CEMS Development and Demonstration in Toyota City Verification Project (602 KB)
Masahiro Kouya, Junko Ozaki, pp.84-91
Toyota City Low-carbon Society Verification Project was a large-scale social system demonstration project that was held between 2010 and 2014 at Toyota City, Aichi, Japan. The goal of the project was to verify that the realization of a low-carbon society can be facilitated by introducing leading-edge devices and technologies such as smartphones, tablets, big data, cloud computing, machine-to-machine (M2M), and the Internet of Things (IoT). These devices and technologies made it possible to collect information on electricity usage and electrical device status from society as frequently as every minute. The collected data was stored for analysis and then the results were fed back to society in the form of behavior support information, or as control signals to control electrical devices remotely. This paper presents Fujitsu's approaches towards the development and demonstration of a community energy management system (CEMS) that utilizes the IoT, a system which is critical for the realization of sustainable low-carbon societies.
New SaaS-based Operations Management System to Realize Safe Driving Support and Improve Transport Quality: Logifit TM-NexTR (663 KB)

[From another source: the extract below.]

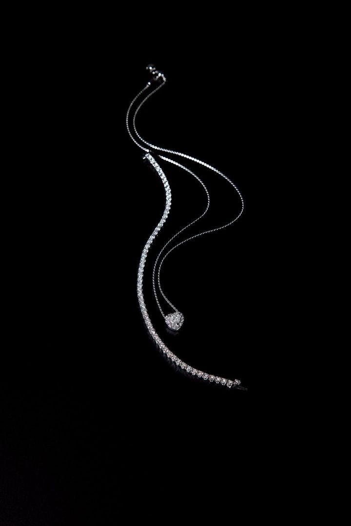 上から:ペンダント「グラフ アイコン」[WG×DIA]¥1,360,000、ブレスレット「クラシック グラフ」[WG×DIA]¥4,811,000(共にグラフ/グラフダイヤモンズジャパン)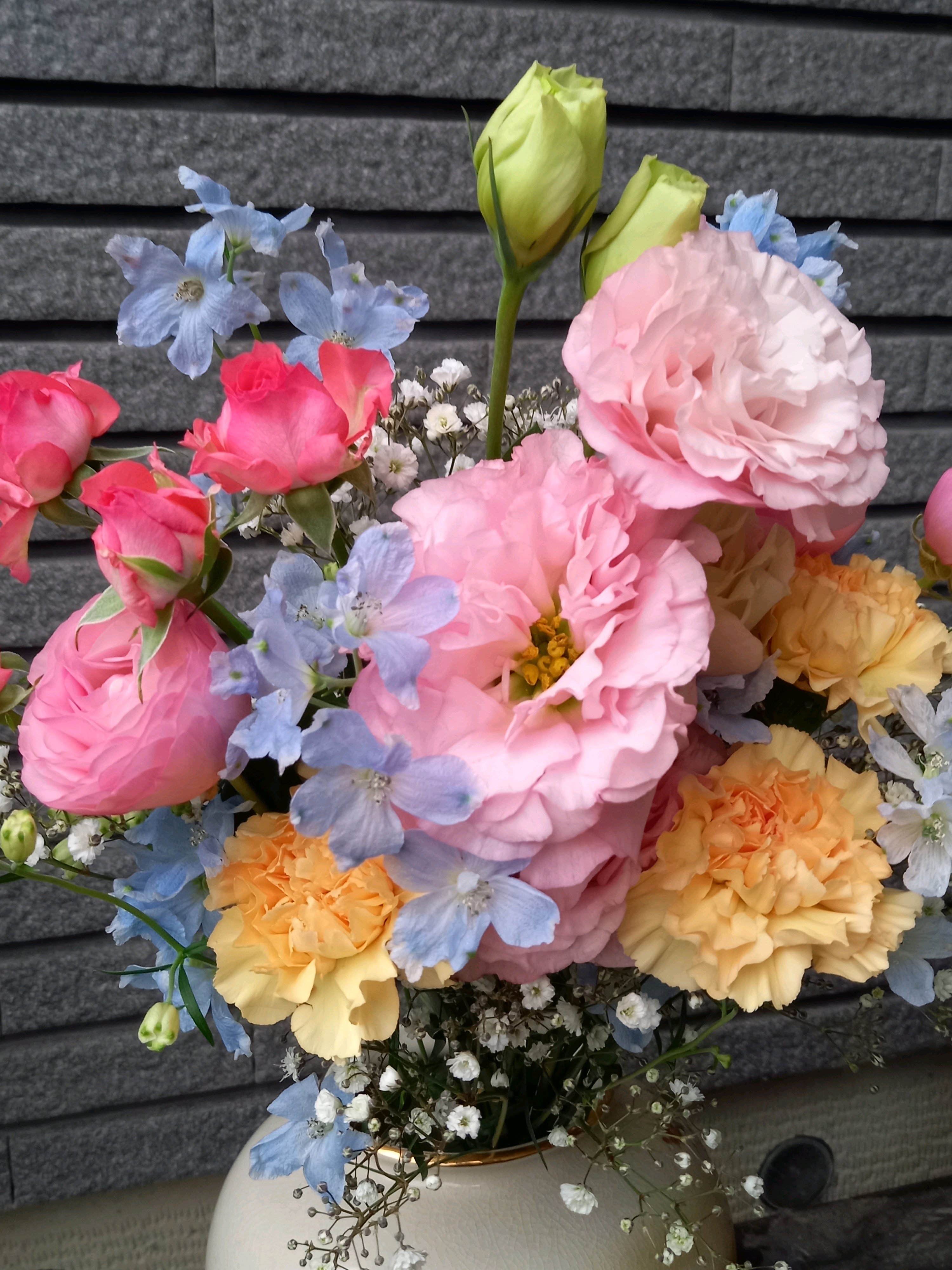 カーネーション、バラ、デルフィニウム、カスミソウ

Toshihiro Kido, Mitsuhiro Nakamura, pp.92-97
Logifit TM-NexTR, a new operations management system based on software as a service (SaaS), is a product of Fujitsu's logistics solution "Logifit" Series and is responsible for operations management. Logifit TM-NexTR is a next-generation product developed based on Fujitsu's know-how acquired with the TRIAS Series, which has a proven track record as an operations support system that uses a digital tachograph. Operations that can be managed with Logifit TM-NexTR include arrival management from the perspective of customers such as consignor and delivery destinations, not to mention conventional operations management and movement management. Introducing Logifit TM-NexTR makes it possible to link a vehicle with various sensors through Fujitsu's Internet of Things (IoT) technology. This in turn helps to support safe driving and improve transport quality at a lower cost than the conventional digital tachographs. This paper describes the background to the development of Logifit TM-NexTR and presents examples of utilizing the IoT in Logifit TM-NexTR.